# Task requirements
A faithful copy without images is required: write out all the records exactly.
***** The records *****
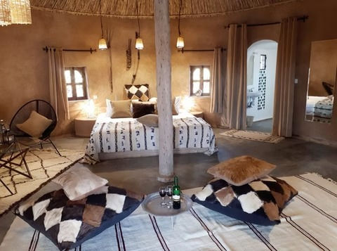 Stay in a luxurious Eco Villa Suite, built using over 20,000 upcycled plastic bottles, a tourism first for Morocco. Each suite is stylishly finished, eco-conscious, and features its own en-suite bathroom.
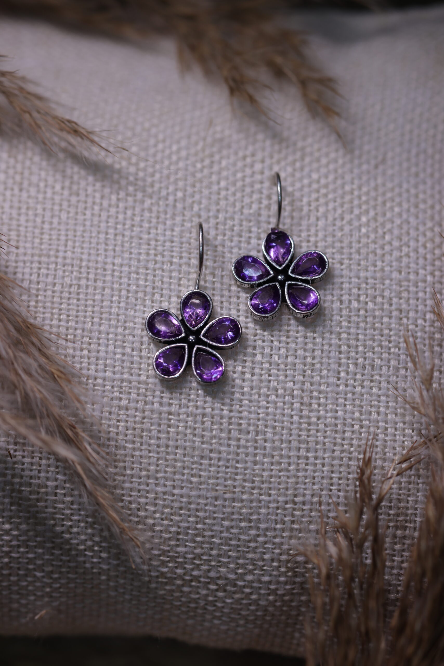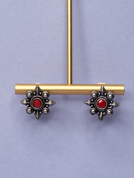 Semi flora Oxidised stud
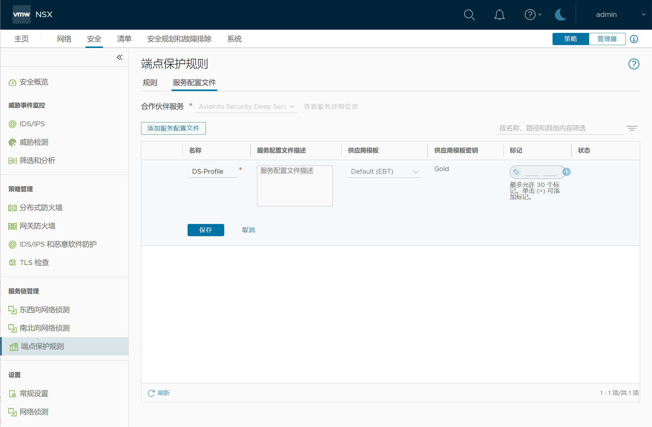安全-服务链管理-端点保护规则-服务配置文件
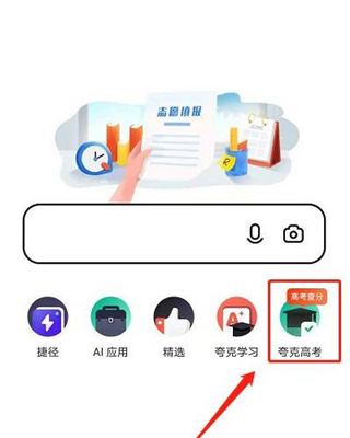 1、點(diǎn)擊打開(kāi)夸克高考app,然后點(diǎn)擊頁(yè)面上的“高考Al助手”;
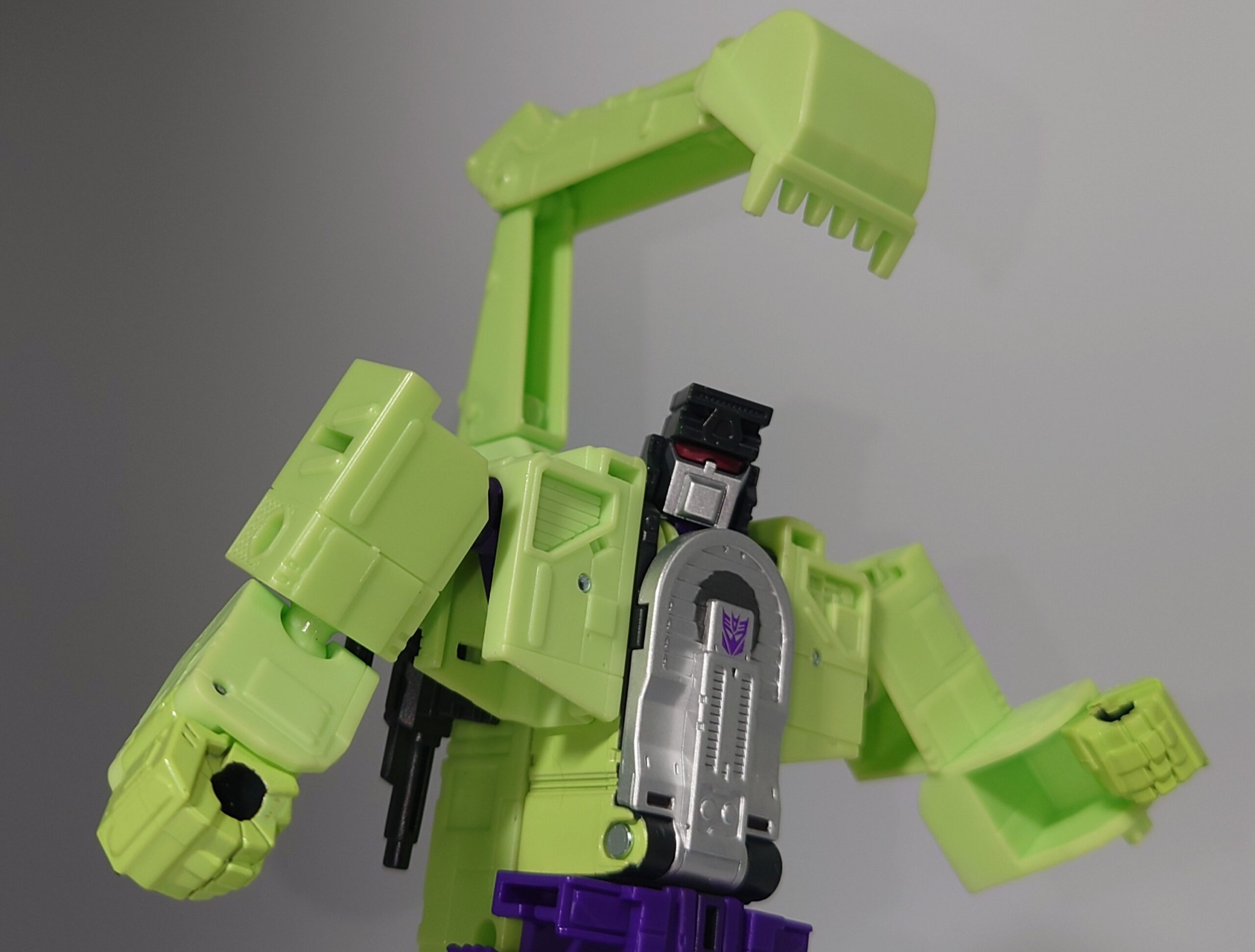 ショベルカーに変形。運転席は復刻版より小さくなっています。この比率だとパワーダグオンのそれに近い巨大ロボになりそう
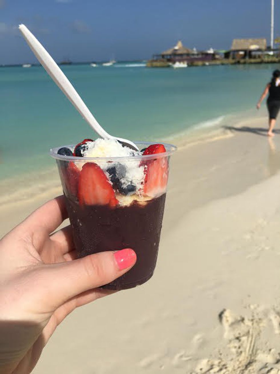 Aside from the health benefits acai brings to the table, it tastes delicious. It tastes like a cross between chocolate and a mix of blackberries, blueberries and strawberries. Speaking of, these are just three of the many other fruits that the base of the acai bowl can be blended with. A lot of places that make acai bowls blend the berry with apple juice, bananas and various other berries. You can even get flax seed or chia seed thrown in the mixture for some extra protein. At home I throw some almond milk and peanut butter in the blender with acai and a banana.
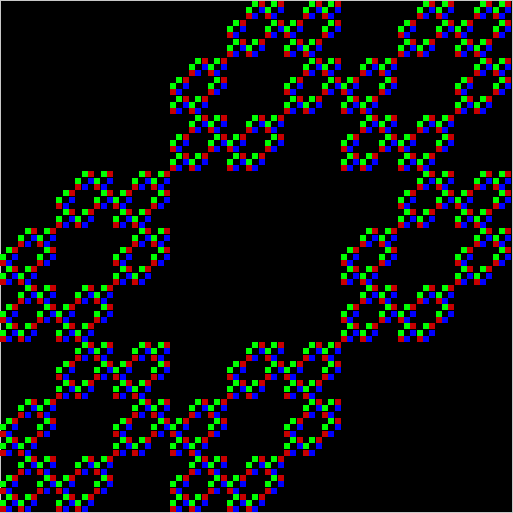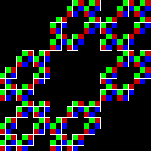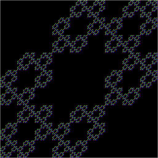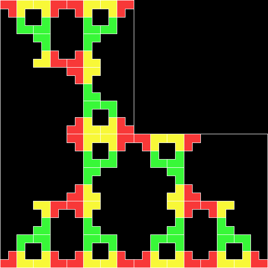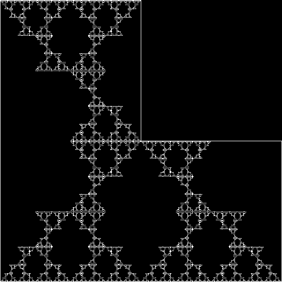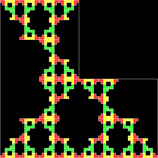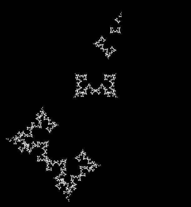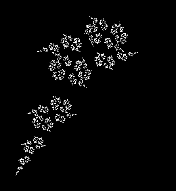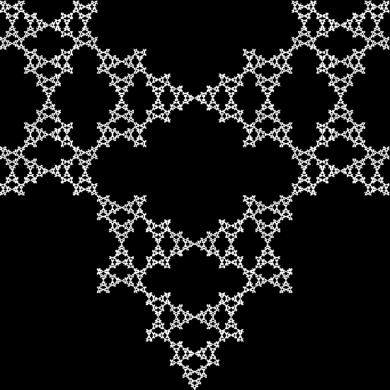 If you trim the copies so that six are left, you have an asymmetrical seed for another familiar symmetrical fractal:
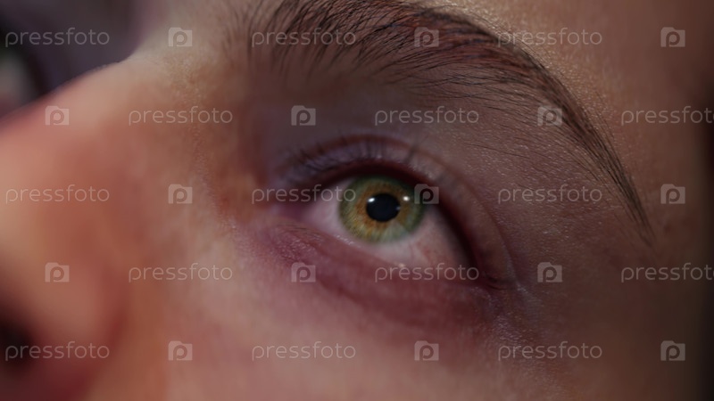 Моргание напряженных глаз, крупный план, женские глаза, частое моргание
*****
# Answer
 Stay in a luxurious Eco Villa Suite, built using over 20,000 upcycled plastic bottles, a tourism first for Morocco. Each suite is stylishly finished, eco-conscious, and features its own en-suite bathroom.
 Semi flora Oxidised stud
安全-服务链管理-端点保护规则-服务配置文件
 1、點(diǎn)擊打開(kāi)夸克高考app,然后點(diǎn)擊頁(yè)面上的“高考Al助手”;
 ショベルカーに変形。運転席は復刻版より小さくなっています。この比率だとパワーダグオンのそれに近い巨大ロボになりそう
 Aside from the health benefits acai brings to the table, it tastes delicious. It tastes like a cross between chocolate and a mix of blackberries, blueberries and strawberries. Speaking of, these are just three of the many other fruits that the base of the acai bowl can be blended with. A lot of places that make acai bowls blend the berry with apple juice, bananas and various other berries. You can even get flax seed or chia seed thrown in the mixture for some extra protein. At home I throw some almond milk and peanut butter in the blender with acai and a banana.
 If you trim the copies so that six are left, you have an asymmetrical seed for another familiar symmetrical fractal:
 Моргание напряженных глаз, крупный план, женские глаза, частое моргание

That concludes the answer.